アメリカとサウジ、記者失踪巡り交錯する利害と思惑
米トランプ大統領はポンペオ国務長官をサウジに派遣、ムハンマド皇太子と会談した。Leah Millis-REUTERS
米国とサウジアラビアは過去70年にわたり、相互に依存する関係にあった。サウジは原油を輸出し、米国は地域の安定を提供。原油価格やイラン包囲網、テロ封じ込め、シリアやイエメン内戦への対策、米国向けの投資からパレスチナ紛争まで、この2国は時に協力し合い、時には対立する関係にあった。
だが、10月2日にサウジ人記者ジャマル・カショギ氏がトルコ・イスタンブールの総領事館で消息を絶ってから、米国とサウジの間で緊張が高まっている。
トルコはカショギ氏が殺されたと主張し、サウジ側は否定しているが、一部報道では尋問中に誤って死亡したとの説明を準備していると伝えられた。
両国間の関係変化による影響やリスクをまとめた。
●原油
サウジアラビアは世界最大の原油輸出国であり、供給量を調整して価格を上下できる能力がある。通常は将来の価格に影響を与えず、現状の原油収入が最大限になるような水準に調整している。サウジにとって原油収入は国家予算や、非石油部門の発展を後押しするための政府系ファンド「パブリック・インベストメント・ファンド(PIF)」の財源を賄うためにも原油収入は必要だ。

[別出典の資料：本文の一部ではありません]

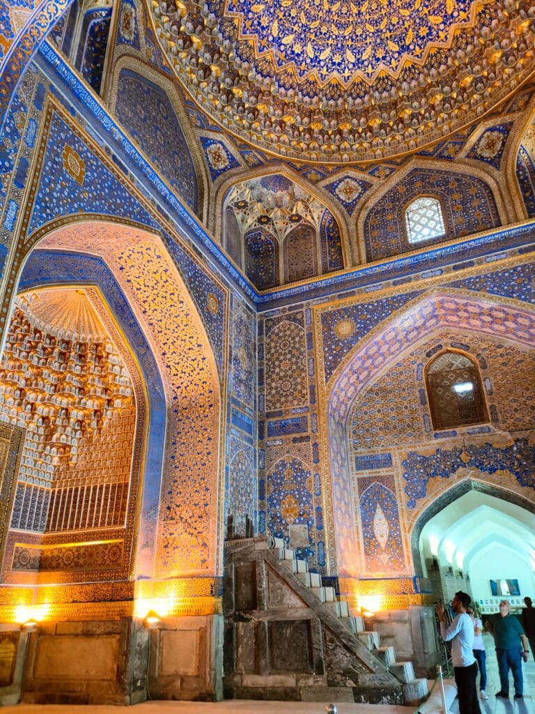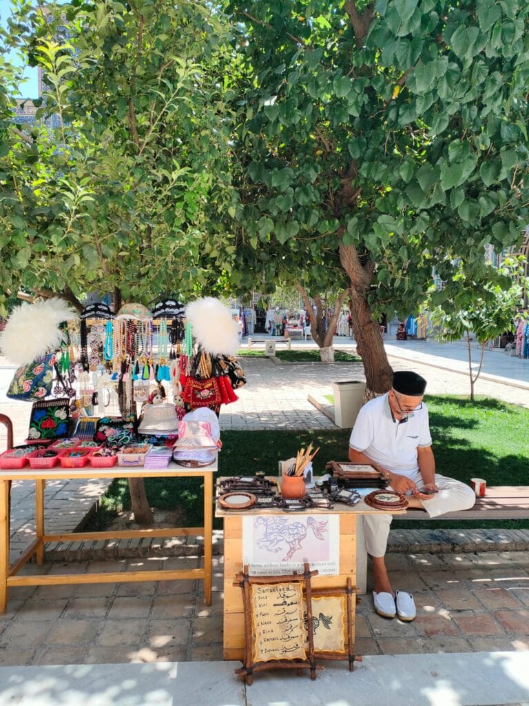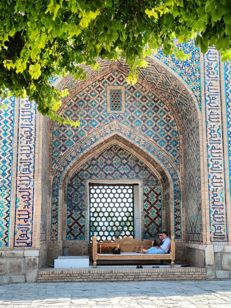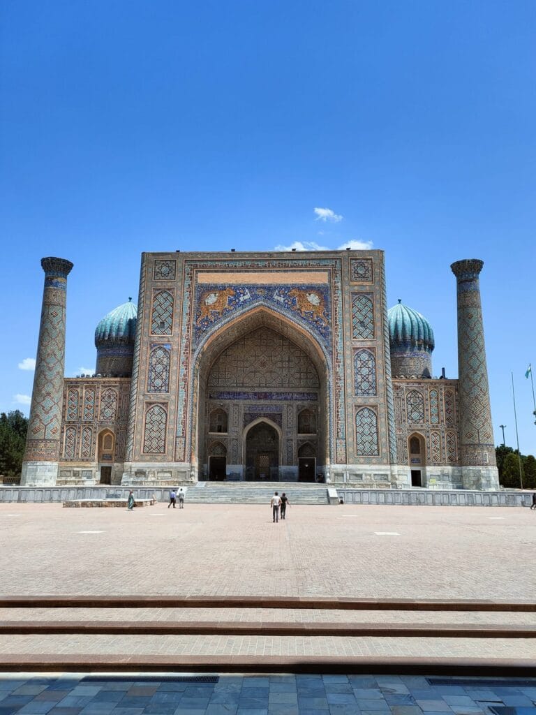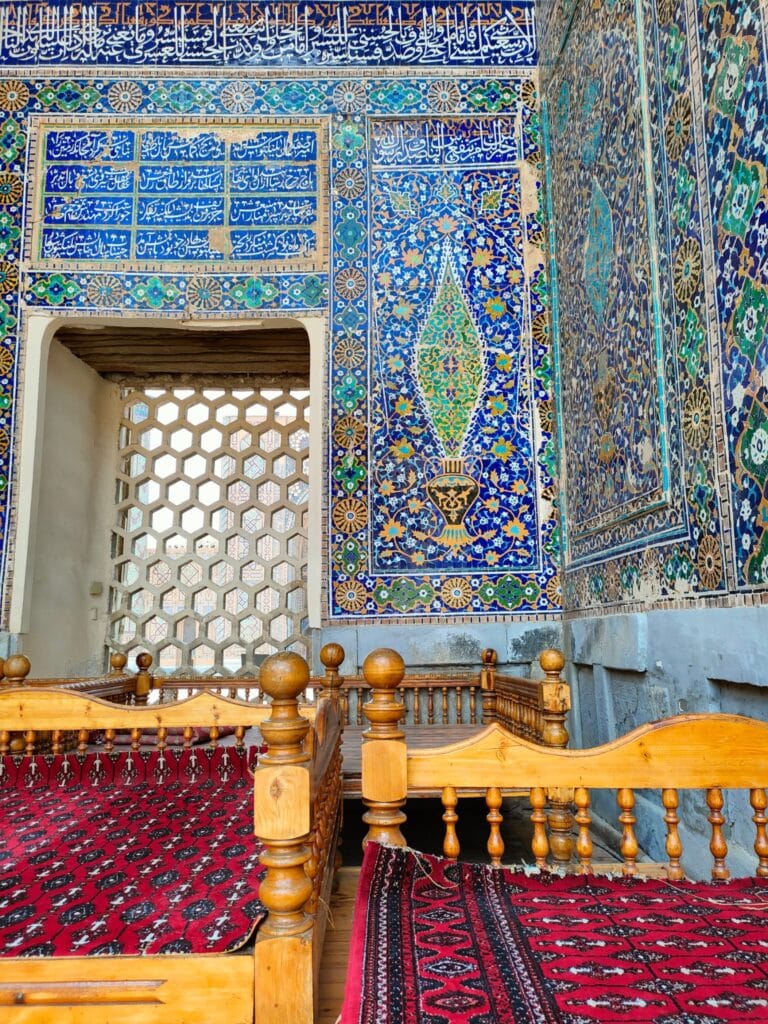 It is a complex of majestic madrasas, the Madrasa of Ulugbek (the oldest). Located on the western side of Registan, this madrasa was completed in 1420 during the reign of the eponymous ruler, a famous astronomy scholar, also known to the coeval West. The monument’s walls and portal reflect his love of astronomy through numerous inlaid stars. The other two madrasas that make up Registan are the Gold Clad Madrasa and the Lion Madrasa, the latter of which contravenes the Islamic ban on representation, as two precious golden lions stand out on the portal. The whole site is extraordinary, the polychrome, floral, dreamlike decorations, which particularly insist on the colour blue, help to exceed the expectations that my hunger for exoticism had fomented. Samarkand is real, here in front of me, and its inhabitants sit comfortably on the inner courtyard of the palace, the men wearing those colourful crocheted Uzbek hats, the women wrapping their hair in soft fabrics. Some sell carpets and cloths in the former study rooms of the madrasas, others squat barefoot on a kind of double bed to rest; some women sit on the floor with their daughters to display scarves, others drink tea on small terraces, or carve cute, distinctive gnomes out of wood. Everyone is minding their own business, placidly, when I cross their faces they look so ataraxic, at peace, they seem to be smiling, although they don’t really, it is as if there is an insurmountable barrier between me and them although it is so easy to receive their serenity.

一方で米国も、国内でシェールオイルの生産が拡大するにつれ、輸入原油への依存度が下がっている。
ただ、もしサウジが原油輸出を減らし、原油価格が上昇するような状況になれば、米国の経済成長にとっては重しとなり、2020年の次期大統領選で再選を目指すトランプ大統領にとっては逆風となりそうだ。
また、原油価格が上昇すれば、米国の思惑とは反対に、イランにとって原油収入が増えることになり、米国のイラン対策の足を引っ張ることにもなりそうだ。
●武器輸出
トランプ大統領はカショギ氏失踪を巡り、サウジに強硬姿勢で臨むかで苦慮している。大統領は13日、カショギ氏が総領事館内で殺害されたことが確認されれば、サウジに「厳しい処罰」を科すと述べた。ただ、米国からサウジ向け武器輸出を止めるのは、米国の雇用が失われ、ロシアと中国の企業に恩恵をもたらすだけだとして慎重な姿勢を示した。
一方、共和党のリンゼー・グラム上院議員は、フォックス・ニュースに対し「サウジに制裁を加える」と述べ、さらにフォックス・ニュース・ラジオのインタビューでは「(サウジのムハンマド皇太子が権力の座にある限り)武器輸出を停止する」と述べた。